Bill Clinton raises millions for Obama
Former US President Bill Clinton (L) and US President Barack Obama wave at a fundraiser in New York. The events raised more than $3.5 million. REUTERS photoU.S. President Barack Obama enlisted Bill Clinton to campaign alongside him in New York on June 4, tapping the popular ex-president’s star power to rake in cash for his re-election bid from Wall Street investors and show-business elite.
The two men teamed up for the first time since Clinton put Obama’s campaign on the defensive last week when he became the most prominent Democrat to disavow attacks on Republican challenger Mitt Romney’s record as a private equity executive. But there was no sign of discord as Obama and Clinton put on a show of unity for a night of fundraising that included a reception with big-money donors, a gala at the Waldorf Astoria hotel, and a star-studded “Barack on Broadway” concert. The events raised more than $3.5 million.

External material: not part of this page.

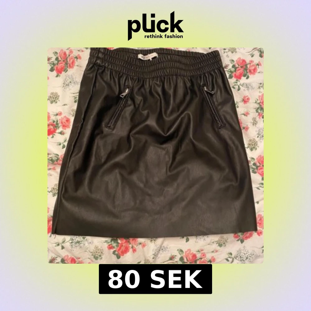 Säljer en svart kjol i skinnimitation med resår i midjan och två sneda fickor med dragkedjor framtill. Kjolen har en enkel och stilren design som passar till många olika outfits.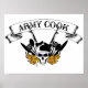 Pour les anciens combattants de l'Armée qui ont servi comme cuisiniers. Le design comprend un crâne grinçant avec casque, entouré de couteaux, de spatules, de cuillères et de M-16! Le texte dit "Army Cook" et votre choix d'opération Iraqi Freedom, Operation Enduring Freedom, Desert Storm, ou Vietnam.

Although surrounded by supporters at events, Obama has struggled to rekindle the enthusiasm of the Democratic base that swept him to victory last time. He acknowledged that he faces a difficult path to re-election and warned his audiences that hundreds of millions in Republican super political action committee fundraising would fuel negative advertising aimed at feeding “all those fears, anxieties” and frustration with the economy.
Romney would be ‘calamitous’
“That’s basically the argument that the other side is making. They’re not offering anything new, they’re just saying, things are tough, it’s Obama’s fault,” he said, according to Reuters. At the first stop on the evening’s fundraising tour, Clinton told a gathering at the Upper East Side home of billionaire hedge fund manager Marc Lasry that Obama must “win this election and win it unambiguously.” “The alternative would be, in my opinion, calamitous for our country and the world,” Clinton said as he and Obama stood shoulder to shoulder amid donors who paid $40,000 a head and sipped cocktails. Clinton accused Romney of wanting to pursue “wrong-headed” economic policies and linked the Republican’s focus on budget austerity to crisis-hit Europe.